[RECORD EXCERPTS]
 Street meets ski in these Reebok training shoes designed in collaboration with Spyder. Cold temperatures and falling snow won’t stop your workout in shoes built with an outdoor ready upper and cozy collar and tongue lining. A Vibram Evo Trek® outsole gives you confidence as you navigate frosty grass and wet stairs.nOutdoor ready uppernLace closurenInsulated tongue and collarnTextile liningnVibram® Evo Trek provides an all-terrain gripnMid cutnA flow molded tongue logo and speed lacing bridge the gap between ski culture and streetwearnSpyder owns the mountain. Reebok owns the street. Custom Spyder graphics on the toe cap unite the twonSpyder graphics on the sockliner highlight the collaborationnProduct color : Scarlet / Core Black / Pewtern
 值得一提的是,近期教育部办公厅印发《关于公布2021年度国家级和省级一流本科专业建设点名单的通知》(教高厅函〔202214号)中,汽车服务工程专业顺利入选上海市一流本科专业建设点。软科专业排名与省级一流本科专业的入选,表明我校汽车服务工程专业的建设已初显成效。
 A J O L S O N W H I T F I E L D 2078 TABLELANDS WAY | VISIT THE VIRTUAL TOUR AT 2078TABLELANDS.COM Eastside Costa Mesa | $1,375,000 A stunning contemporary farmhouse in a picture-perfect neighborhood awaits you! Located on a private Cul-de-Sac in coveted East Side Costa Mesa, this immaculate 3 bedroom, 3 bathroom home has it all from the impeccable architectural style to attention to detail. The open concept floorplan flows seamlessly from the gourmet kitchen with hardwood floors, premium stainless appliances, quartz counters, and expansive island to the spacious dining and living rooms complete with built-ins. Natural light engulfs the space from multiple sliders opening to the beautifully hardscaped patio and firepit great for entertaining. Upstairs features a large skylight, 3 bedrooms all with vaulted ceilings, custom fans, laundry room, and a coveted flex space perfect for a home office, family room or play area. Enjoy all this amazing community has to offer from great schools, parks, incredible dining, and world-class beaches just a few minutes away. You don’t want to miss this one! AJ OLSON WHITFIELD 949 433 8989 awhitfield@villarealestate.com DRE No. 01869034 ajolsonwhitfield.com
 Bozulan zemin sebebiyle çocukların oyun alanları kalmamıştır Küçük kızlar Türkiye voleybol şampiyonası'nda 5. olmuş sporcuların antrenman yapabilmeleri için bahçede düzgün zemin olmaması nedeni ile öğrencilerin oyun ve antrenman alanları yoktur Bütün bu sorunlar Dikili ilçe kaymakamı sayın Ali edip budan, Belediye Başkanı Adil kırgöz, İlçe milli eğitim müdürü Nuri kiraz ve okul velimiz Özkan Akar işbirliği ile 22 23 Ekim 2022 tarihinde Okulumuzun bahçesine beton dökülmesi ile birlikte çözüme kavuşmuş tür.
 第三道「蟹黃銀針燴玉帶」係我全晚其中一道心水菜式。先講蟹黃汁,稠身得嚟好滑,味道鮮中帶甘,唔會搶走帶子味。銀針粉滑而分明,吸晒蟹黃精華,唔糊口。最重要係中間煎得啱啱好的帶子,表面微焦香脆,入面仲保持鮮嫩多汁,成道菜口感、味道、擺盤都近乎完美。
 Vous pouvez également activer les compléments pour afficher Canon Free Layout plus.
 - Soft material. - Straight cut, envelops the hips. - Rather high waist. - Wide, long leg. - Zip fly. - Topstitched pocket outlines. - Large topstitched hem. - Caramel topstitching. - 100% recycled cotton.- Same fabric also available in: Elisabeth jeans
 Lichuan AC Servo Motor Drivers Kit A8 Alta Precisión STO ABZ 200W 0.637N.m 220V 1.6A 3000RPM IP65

* * *

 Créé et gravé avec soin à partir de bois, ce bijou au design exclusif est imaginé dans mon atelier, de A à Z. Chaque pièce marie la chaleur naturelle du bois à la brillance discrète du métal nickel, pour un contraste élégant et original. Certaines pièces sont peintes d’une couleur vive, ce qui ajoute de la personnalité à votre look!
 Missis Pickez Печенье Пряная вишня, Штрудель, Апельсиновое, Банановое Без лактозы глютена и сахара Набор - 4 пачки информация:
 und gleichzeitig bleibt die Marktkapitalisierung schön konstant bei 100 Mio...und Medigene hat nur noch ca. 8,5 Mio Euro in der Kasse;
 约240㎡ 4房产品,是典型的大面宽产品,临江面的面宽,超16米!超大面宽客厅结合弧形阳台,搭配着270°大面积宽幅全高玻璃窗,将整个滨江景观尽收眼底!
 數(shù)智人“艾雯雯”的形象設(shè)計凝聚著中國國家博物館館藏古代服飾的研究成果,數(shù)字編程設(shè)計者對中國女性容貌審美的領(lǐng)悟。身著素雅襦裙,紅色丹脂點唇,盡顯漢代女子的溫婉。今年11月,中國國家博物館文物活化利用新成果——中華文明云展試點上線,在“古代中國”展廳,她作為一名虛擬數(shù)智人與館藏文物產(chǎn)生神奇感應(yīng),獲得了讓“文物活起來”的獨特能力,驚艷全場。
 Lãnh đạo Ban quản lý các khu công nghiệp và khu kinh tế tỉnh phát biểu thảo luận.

---

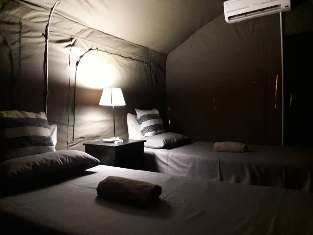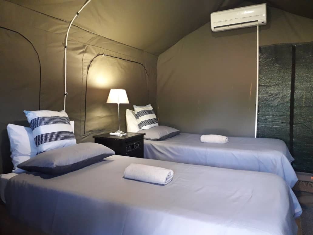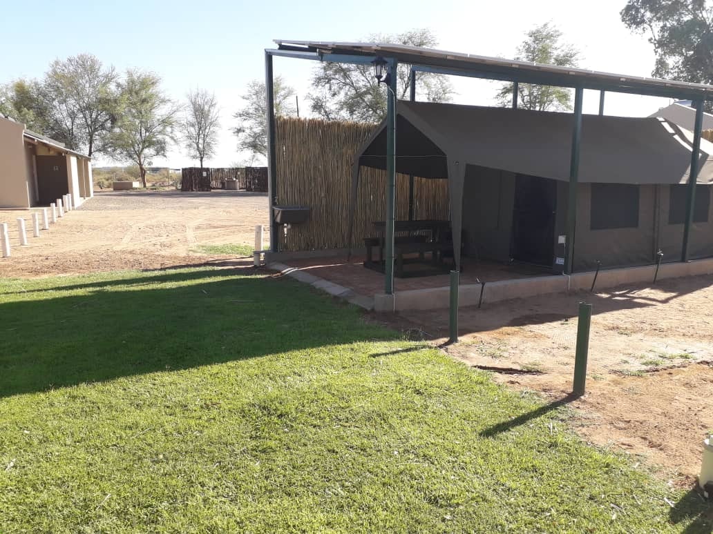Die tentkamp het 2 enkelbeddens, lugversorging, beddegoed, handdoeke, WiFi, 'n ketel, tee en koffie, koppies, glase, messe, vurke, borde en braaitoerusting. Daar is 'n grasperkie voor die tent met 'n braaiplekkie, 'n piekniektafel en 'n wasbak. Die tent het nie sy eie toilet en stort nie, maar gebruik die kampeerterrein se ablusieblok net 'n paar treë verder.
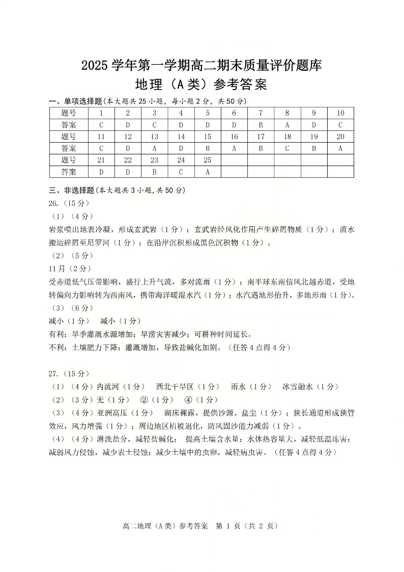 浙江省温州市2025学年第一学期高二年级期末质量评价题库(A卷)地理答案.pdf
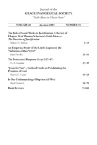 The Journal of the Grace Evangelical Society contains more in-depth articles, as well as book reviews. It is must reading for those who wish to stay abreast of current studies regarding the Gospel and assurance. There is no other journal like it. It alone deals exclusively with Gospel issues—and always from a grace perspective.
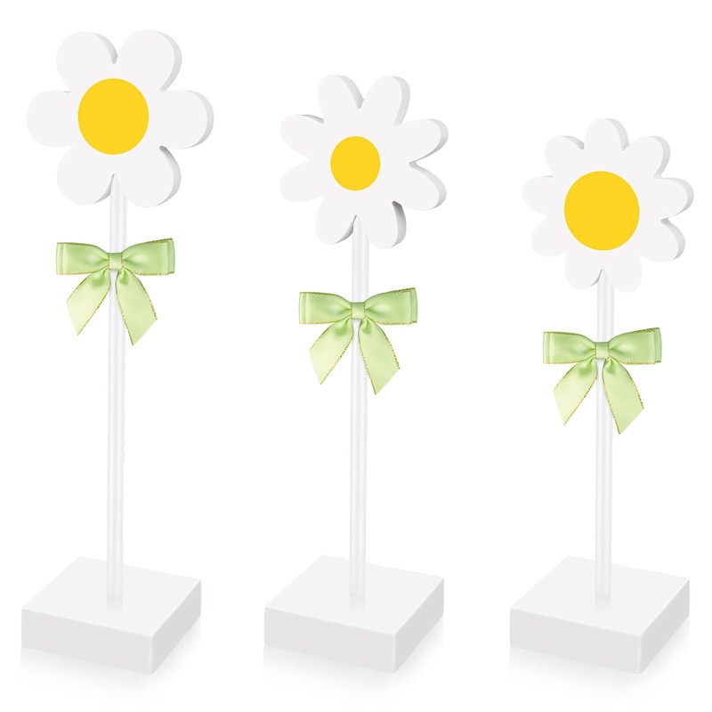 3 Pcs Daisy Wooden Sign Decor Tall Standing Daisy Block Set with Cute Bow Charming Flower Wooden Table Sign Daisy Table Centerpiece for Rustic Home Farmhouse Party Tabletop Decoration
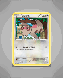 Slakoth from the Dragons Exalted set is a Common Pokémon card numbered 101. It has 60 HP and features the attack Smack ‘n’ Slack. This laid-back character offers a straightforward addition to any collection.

[WHAT THE TASK REQUIRES] Pull every line containing the word "pour" out of the entries above.

[OUTPUT OF THE TASK]
 Vous pouvez également activer les compléments pour afficher Canon Free Layout plus.
 Créé et gravé avec soin à partir de bois, ce bijou au design exclusif est imaginé dans mon atelier, de A à Z. Chaque pièce marie la chaleur naturelle du bois à la brillance discrète du métal nickel, pour un contraste élégant et original. Certaines pièces sont peintes d’une couleur vive, ce qui ajoute de la personnalité à votre look!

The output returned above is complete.